Instructions for the task: Your output should be the lines below from the one with "33 ft String" through the one with "玩很大這次來到韓國大邱,最可", copied exactly, pictures excluded.

Records for this task:
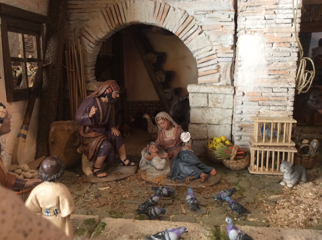 belen montado en casa,con unas medidas de tres metros de largo y uno veinte de ancho con figuras de Mayo y Angeles Camara.
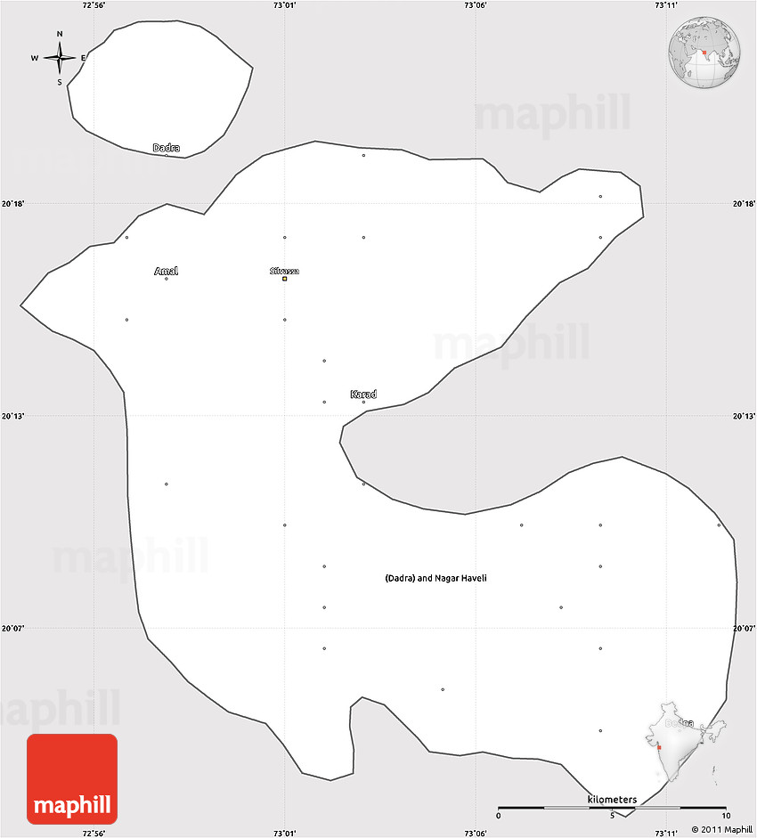 Maphill is a collection of map graphics. This simple outline map of Dadra and Nagar Haveli is one of these images. Use the buttons under the image to switch to more comprehensive and detailed map types.
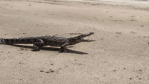 मांगूर : येथील दुधगंगा नदीमध्ये मांगूर-कुन्नूर दरम्यानच्या जुन्या पुलाजवळ शनिवारी (ता. 30) दुपारी अडीच वाजण्याच्या सुमारास ग्रामस्थांना अंदाजे चारफुटी मगरीचे दर्शन झाले. त्यामुळे परिसरात घबराट पसरली आहे.
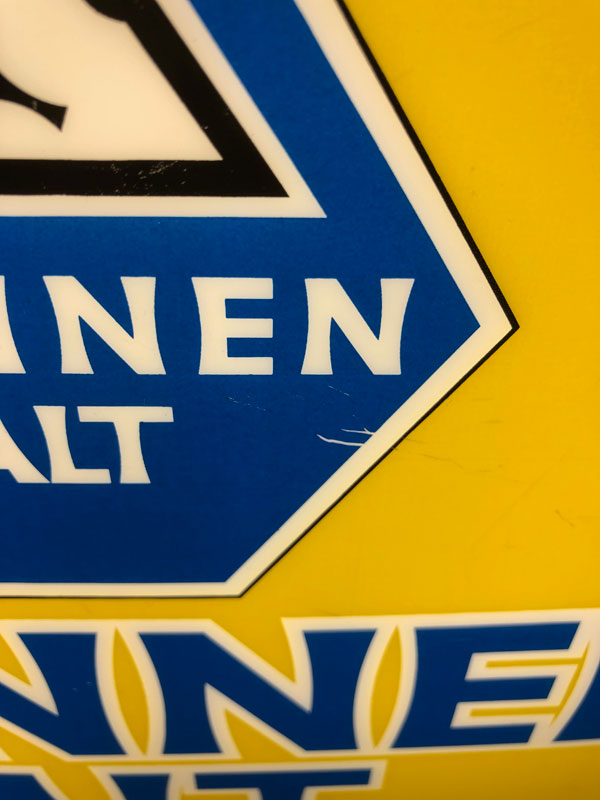 Vermutlich ist das Schild mit einer aufgezogenen Folie bezogen wurden.
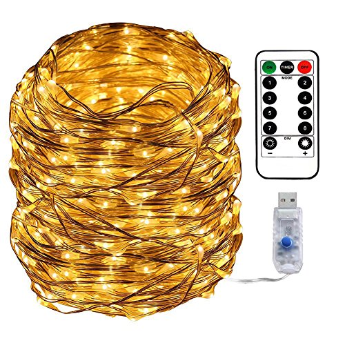33 ft String Lights, Jimmidda 100 LED Copper Wire USB Operated, Dimmable, Waterproof with Remote
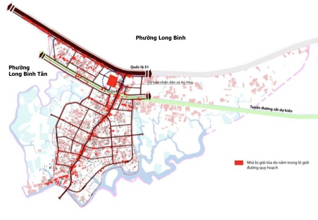 Trong khi chưa có giải pháp để trả lời những câu hỏi trên, quy hoạch đã phê duyệt của phường Long Bình Tân giáp ranh bố trí một trạm xử lý nước thải lớn cho toàn thành phố nhưng nằm ngoài phạm vi nghiên cứu của đồ án và nằm trong … diện tích xã An Hòa, sát với khu trung tâm xã (hình 11). Một ví dụ của cách làm quy hoạch áp đặt và cẩu thả, trạm xử lý nước thải này sẽ gây khó khăn cho việc điều chỉnh quy hoạch và ảnh hưởng trực tiếp đến đời sống của người dân khu trung tâm xã An Hoà trong tương lai.
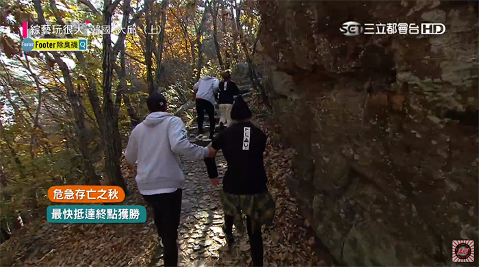 玩很大這次來到韓國大邱,最可怕的是,兩隊這次要從一座山跑到另一個山頭,沿途要闖3個關卡,全隊到達率先奪旗者獲勝。由於山路非常難走,坡度又非常陡,就連敖犬也累得直說:「各位觀眾,的很酸,真的不是你們想像的。」過程中小鬼和KID也不斷勉勵隊員要堅持下去。
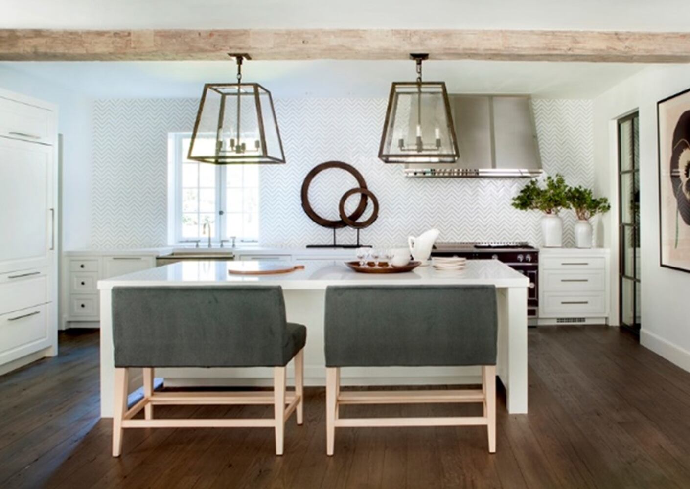 “For me, it is about the ‘jewelry’ in the kitchen,” the design studio said. “I like to keep everything calm and quiet and then make the room pop with unique and unexpected light fixtures, cabinet hardware, the hood and range. These are the conversation pieces!”
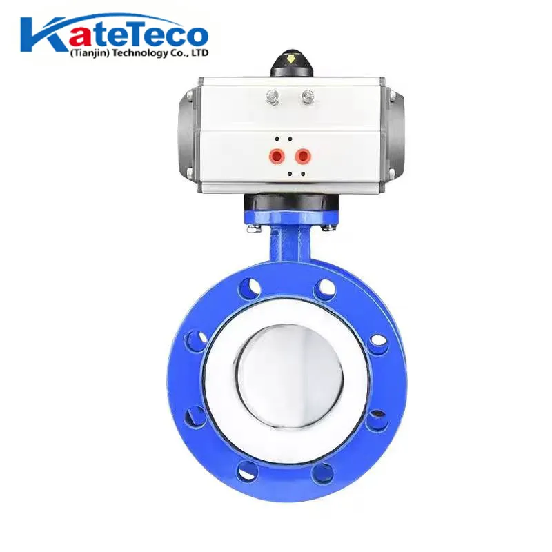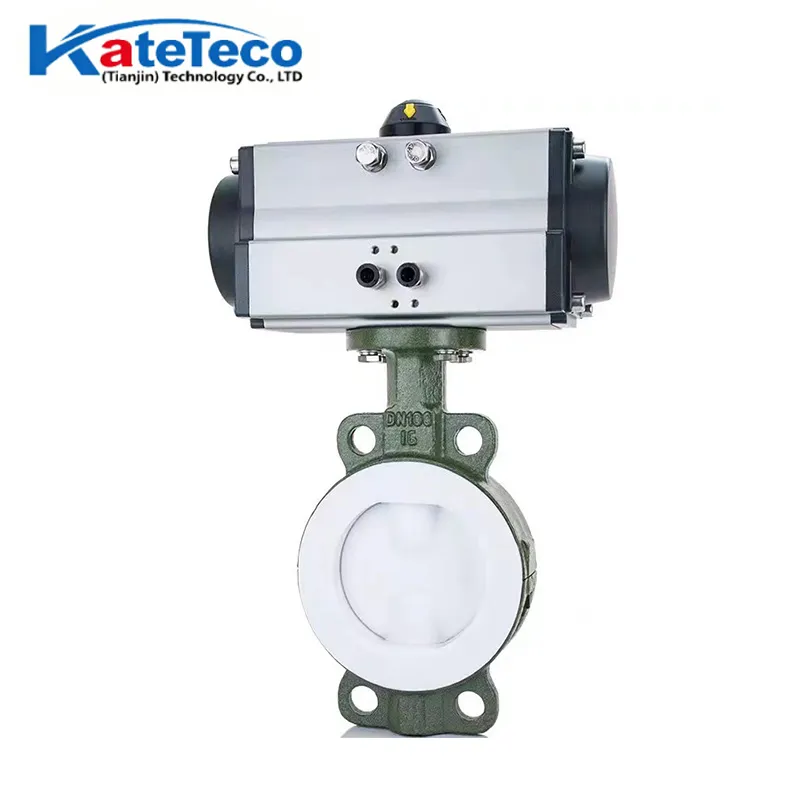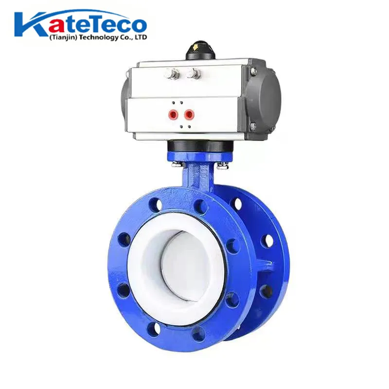 Pneumatische, PTFE-ausgekleidete Absperrklappe, DN40-600 (1½"-24"). Vollständige chemische Isolation für starke Säuren und korrosive Medien. Ein/Aus- oder stufenlose Regelung. Korrosionsfreie, antihaftbeschichtete Oberfläche. Ideal für die chemische und pharmazeutische Industrie. Kundenspezifisch anpassbar.
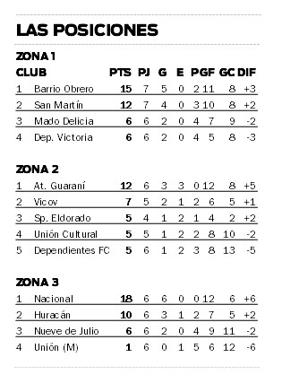 El otro juego que tuvo su inicio el último domingo, pero no pudo concluir, fue el clásico del norte entre San Martín de Colonia Wanda y Barrio Obrero de Puerto Esperanza. El encuentro, que estaba 0-0, debió suspenderse al comienzo del segundo tiempo por problemas en el sistema lumínico del estadio German Correa.
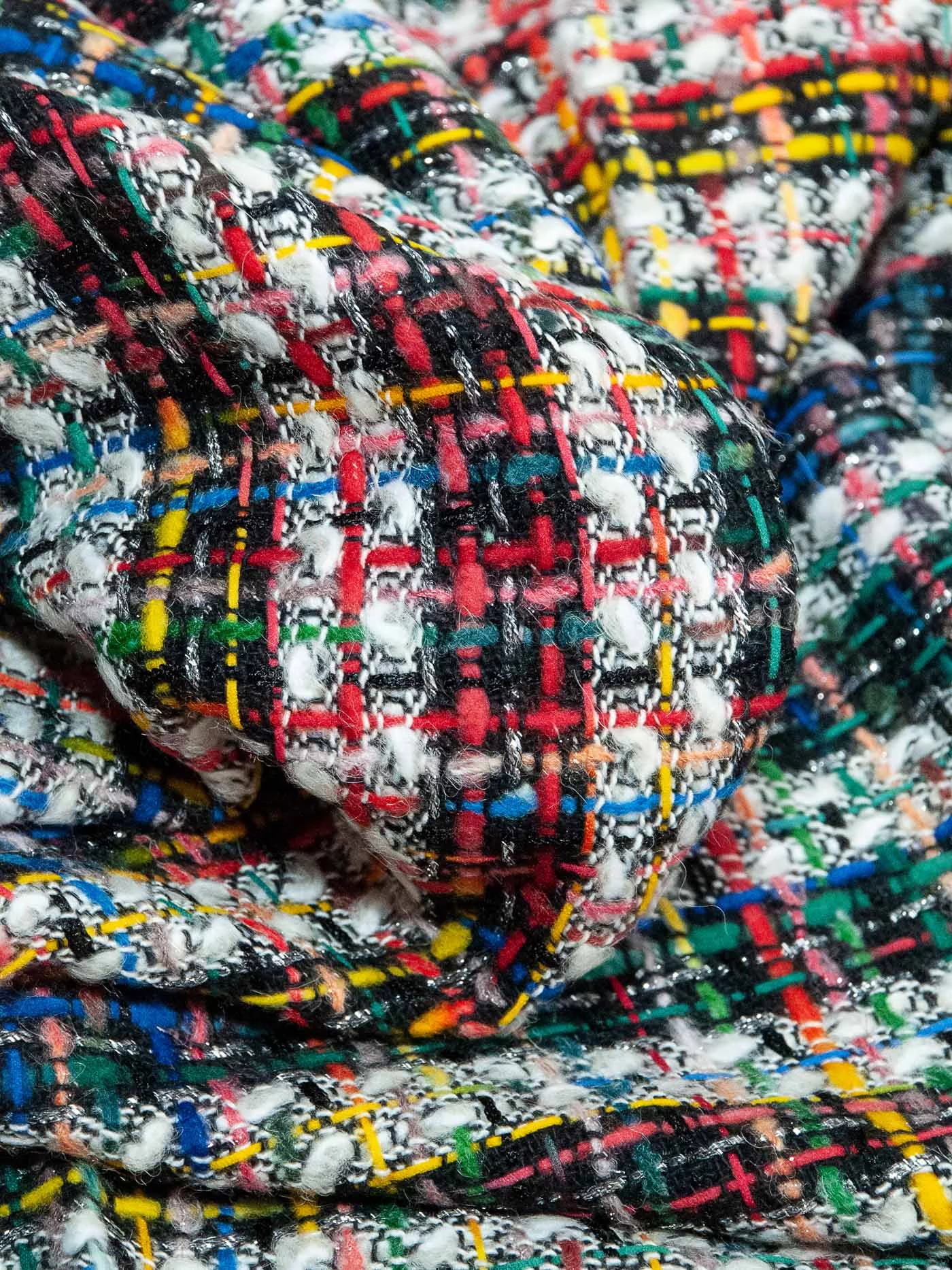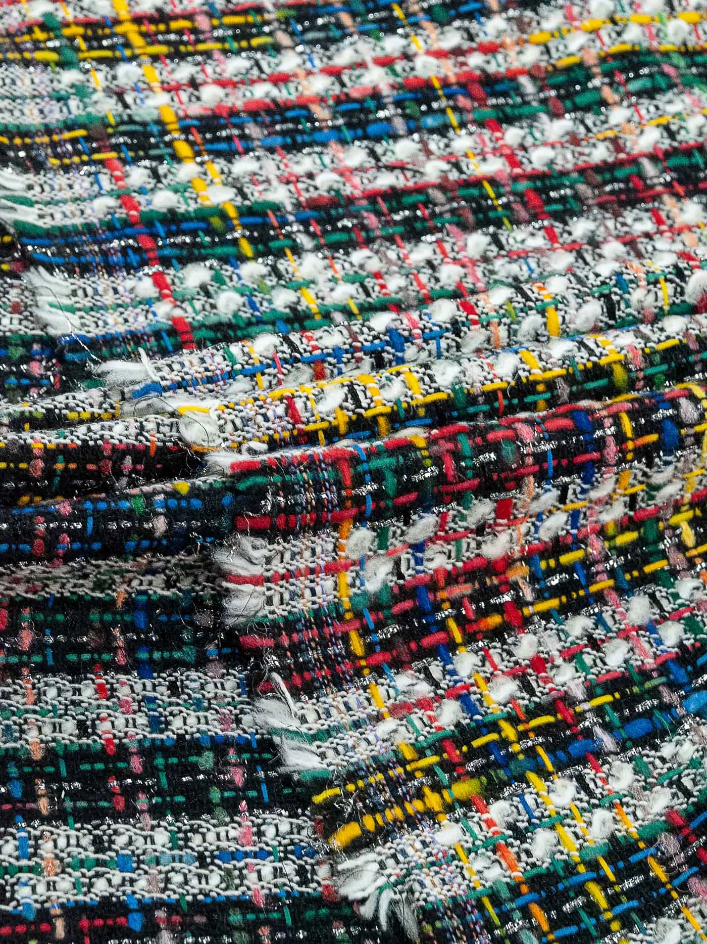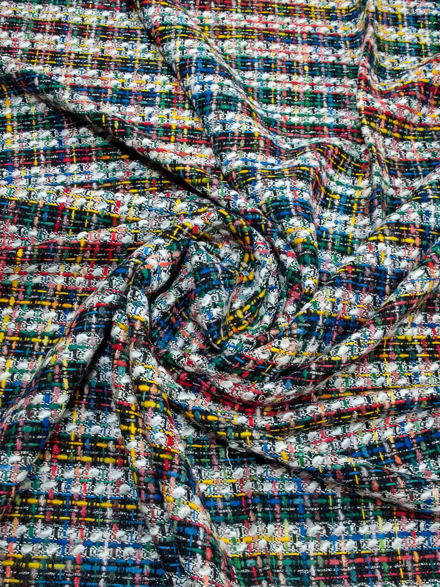 Полотно фирменной фактуры в ярком молочно-желтом сочетании трендового узора «гусиная лапка» с деликатно играющими на свету нитями метанита светло-желтого цвета. За счет смесового состава идеально подойдёт на жакеты на подкладе, костюмы, платья и юбки.
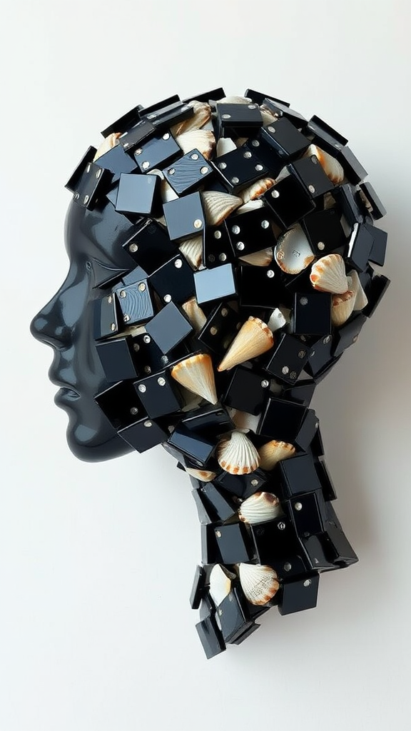 The composition depicts a woman's head intricately formed from glossy black domino pieces interwoven with fragmented sea shells, evoking a blend of octopath traveler aesthetics and vanitas themes. The structure is angular and embodies altermodern surrealism, showcasing an elegant yet abstract form where the interplay of the materials creates a sense of both fragility and resilience. The shiny surface of the domino pieces contrasts with the textured, iridescent quality of the shells, adding layers of depth and complexity to the overall appearance.
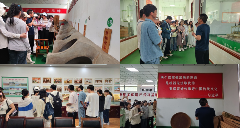 在广义茶园左经理的陪同下,逐个参观了信阳毛尖、信阳红的生产车间。参观过程中学生兴趣极为浓厚,对各类制茶工具十分好奇,左经理一一为同学们进行解答,并详细讲述了信阳毛尖、信阳红在制作过程中茶多酚、茶叶碱等变化。在炒茶车间,展示了手工制茶的温度控制及各个炉灶的功能,并深刻的解读了习近平总书记说的“两个巴掌做出来的东西,是机器无法取代的”的指示。
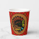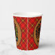 This paper cup featuring original digital painting of pale olive green & red plaid pattern bordered w/red plaid & solid black as the perfect backdrop for our faux stained-glass turkey. Add matching placemats & napkins for an inviting Thanksgiving table & all season long. Add cookies for hostess gift!
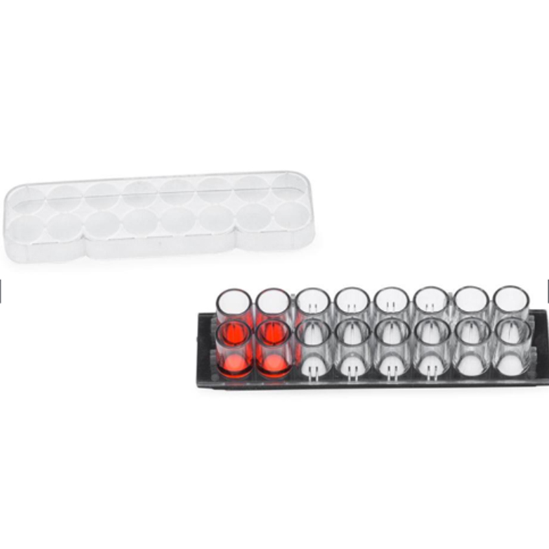 蓋玻片上的腔室共16個(gè),分2排,各8孔(如圖示),每孔的內(nèi)直徑6mm。設(shè)計(jì)的每孔體積和孔距與標(biāo)準(zhǔn)96孔板的相同,無細(xì)胞毒性的硅膠孔墊片(silicone well gasket)與上層聚苯乙烯材料的腔室(the upper structure,厚0.5mm)和基層的硼硅酸鹽蓋玻片(the substructure,厚0.16-.19mm)形成滴水不漏的密封。有上層腔室時(shí)每孔體積250μl,去掉上層腔室后每孔體積9μl。

Answer:
33 ft String Lights, Jimmidda 100 LED Copper Wire USB Operated, Dimmable, Waterproof with Remote
 Trong khi chưa có giải pháp để trả lời những câu hỏi trên, quy hoạch đã phê duyệt của phường Long Bình Tân giáp ranh bố trí một trạm xử lý nước thải lớn cho toàn thành phố nhưng nằm ngoài phạm vi nghiên cứu của đồ án và nằm trong … diện tích xã An Hòa, sát với khu trung tâm xã (hình 11). Một ví dụ của cách làm quy hoạch áp đặt và cẩu thả, trạm xử lý nước thải này sẽ gây khó khăn cho việc điều chỉnh quy hoạch và ảnh hưởng trực tiếp đến đời sống của người dân khu trung tâm xã An Hoà trong tương lai.
 玩很大這次來到韓國大邱,最可怕的是,兩隊這次要從一座山跑到另一個山頭,沿途要闖3個關卡,全隊到達率先奪旗者獲勝。由於山路非常難走,坡度又非常陡,就連敖犬也累得直說:「各位觀眾,的很酸,真的不是你們想像的。」過程中小鬼和KID也不斷勉勵隊員要堅持下去。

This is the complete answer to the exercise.